La rinascita di Zirkzee: doppietta e Old Trafford di nuovo ai suoi piedi

Novanta minuti per cancellare 3 mesi da incubo. Con due gol l’olandese si è ripreso lo United

Novanta minuti per cancellare 3 mesi da incubo. Con due gol l’olandese si è ripreso lo United

Non meno di due settimane fa lo avevano definito “bidone grasso”, ora invece, i tifosi del Manchester United, dovranno ricredersi sul conto di Joshua Zirkzee, che ieri ha spalancato le porte ai Red Devils per il largo successo in Premier sull’Everton (4-0, sul quale ha messo la firma anche Marcus Rashford).

Ingordo sì, ma di gol, con una doppietta che ha steso i Toffees e regalato il primo successo in Inghilterra al neo-tecnico Ruben Amorim, il portoghese subentrato nei giorni scorsi a ten Hag, con cui l’ex attaccante rossoblù non si era mai trovato del tutto, nonostante il gol-lampo al debutto contro il Fulham lo scorso 16 agosto. Novanta minuti per cancellare tre mesi e mezzo da incubo, tra critiche, offese pesanti sui social e probabilmente l’illusione di riuscire ad essere decisivo anche nel campionato inglese. Almeno fino a domenica pomeriggio: un gol col sinistro nel primo tempo e uno col destro nel secondo, e quella “mitraglietta” virtuale – la sua esultanza preferita anche ai tempi di Bologna – che è tornata a mietere porte e difensori, tanto da rimeritarsi l’abbraccio dell’intero Old Trafford in testa. Ora lo possiamo dire: Joshua is back.

Rigenerato dalla fresca cura Amorim, che lo esalta: “Ci servono le sue caratteristiche”

Non ha certo paura di prendersi responsabilità Zirkzee, ma nemmeno Ruben Amorim, che ha lasciato quella “comfort zone” chiamata Sporting Lisbona, dove tutto stava funzionando splendidamente, per dirigersi nel nord dell’Inghilterra e mettersi al timone di una nave che imbarcava acqua da tutte le parti.

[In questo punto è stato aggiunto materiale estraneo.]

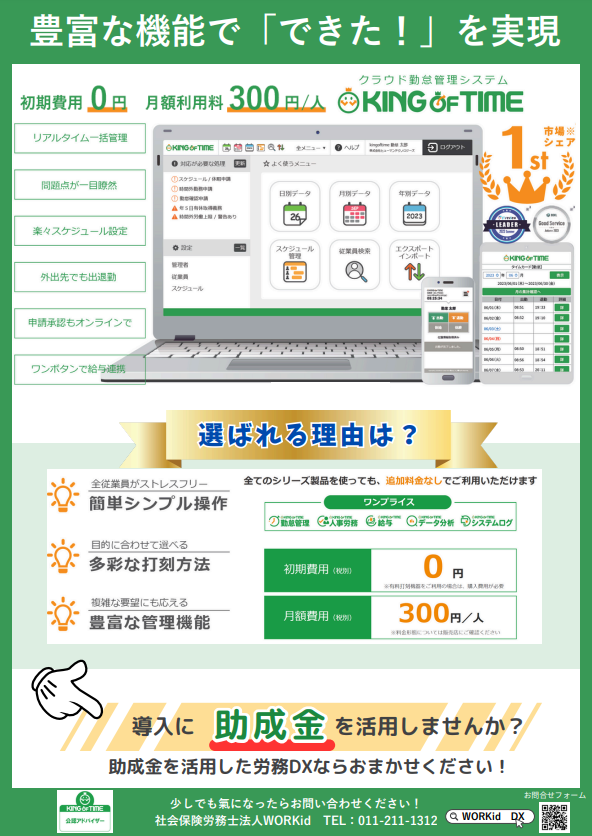 ITに強い社労士法人「ワーキッド」がKING OF TIMEの定着サポートします!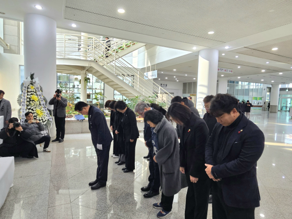 박범계 민주당 의원과 서구을 지역 전현직 지방의원들이 시청 합동분향소에서 여객기 참사 희생자들에 대해 애도를 표하고 있다.

In quattro giorni, però, le cose pare abbiano preso il verso giusto – successo col Bodo in Europa League giovedì sera e tre giorni più tardi replay contro l’Everton -, per risorgere, in classifica e come squadra.

A beneficiarne, chiaramente, anche i singoli, come l’attaccante olandese ex Bologna e Bayern, che con il portoghese in panchina è tornato finalmente a rivedere la luce e, soprattutto, la porta, che mancava dal 16 agosto (1-0 contro il Fulham).

A fine partita, l’ex tecnico dello Sporting ha elogiato il suo centravanti (finito di recente anche nel mirino della Juventus). “Ho bisogno di tutti i giocatori per la sequenza di partite che abbiamo, lui è sicuramente uno di quelli – ha detto -. Joshua ha fatto un ottimo lavoro. Due gol sono buoni per la sua fiducia, ma più importante è stata la prestazione che ha fatto: ha combattuto in ogni situazione. È un giocatore di talento – ha aggiunto -, un giocatore del Manchester United, e penso che sia pronto per questo ruolo. Abbiamo bisogno delle sue caratteristiche per giocare così”.

Con i due segnati ai Blues di Liverpool, sono 3 i gol realizzati in Premier da Zirkzee in 13 partite (conditi da un assist): numeri destinati a lievitare, ora che Josh ha riaperto la valigia, pronto a restare e a far tornare grande lo United.